What you have to do -> Output the listing exactly, without its pictures.

Data ->
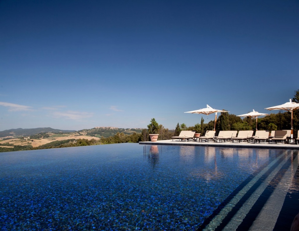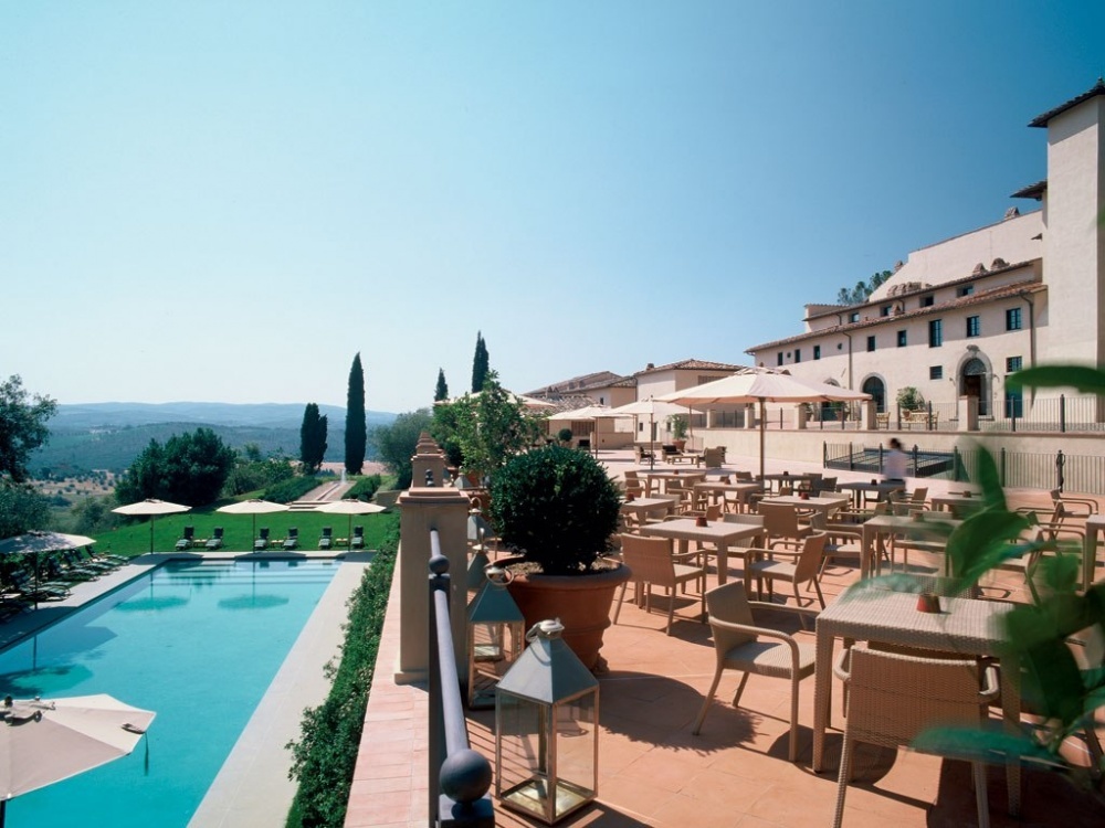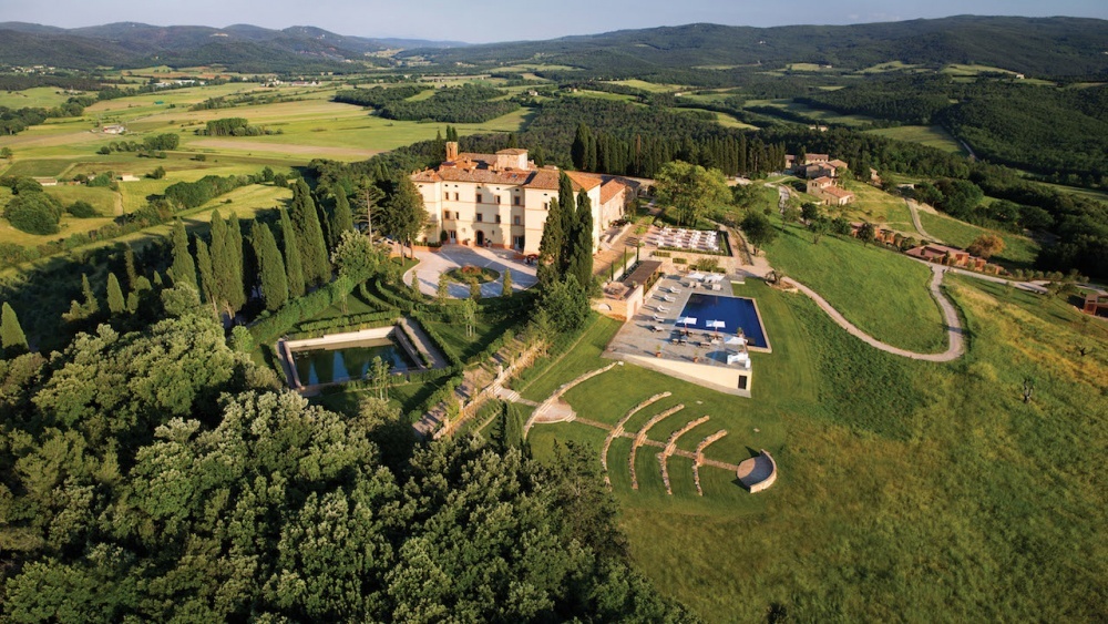 فندق " Castello di Casole" في مدينة " سيينا" في إيطاليا: هذا الفندق عبارة عن قلعة جميلة تم تحويلها إلى فندق، وهو يحتوي على حوض سباحة جميل محاط من كل جانب بحدائق واسعة وممتدة.
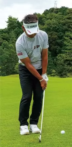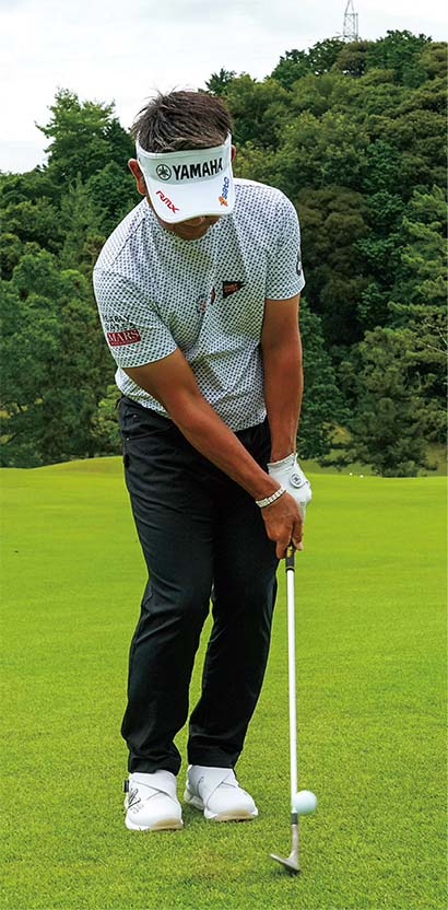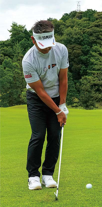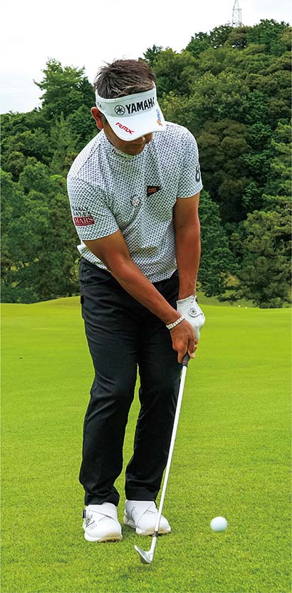 体重配分は、7番でコロがす時は左8対右2くらいの左足体重に、ウェッジで高く上げる時は5対5の左右均等にします。クラブは短く握ったほうが、構えが小さくなり、ミート率が良くなります。
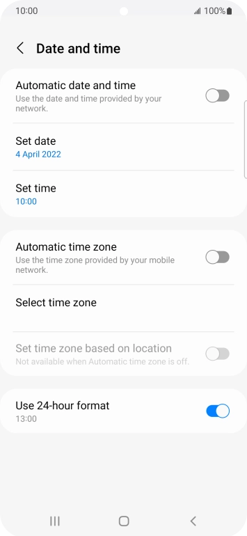 Press the indicator next to "Automatic date and time" to turn on the function.

Result for this task ->
 فندق " Castello di Casole" في مدينة " سيينا" في إيطاليا: هذا الفندق عبارة عن قلعة جميلة تم تحويلها إلى فندق، وهو يحتوي على حوض سباحة جميل محاط من كل جانب بحدائق واسعة وممتدة.
 体重配分は、7番でコロがす時は左8対右2くらいの左足体重に、ウェッジで高く上げる時は5対5の左右均等にします。クラブは短く握ったほうが、構えが小さくなり、ミート率が良くなります。
 Press the indicator next to "Automatic date and time" to turn on the function.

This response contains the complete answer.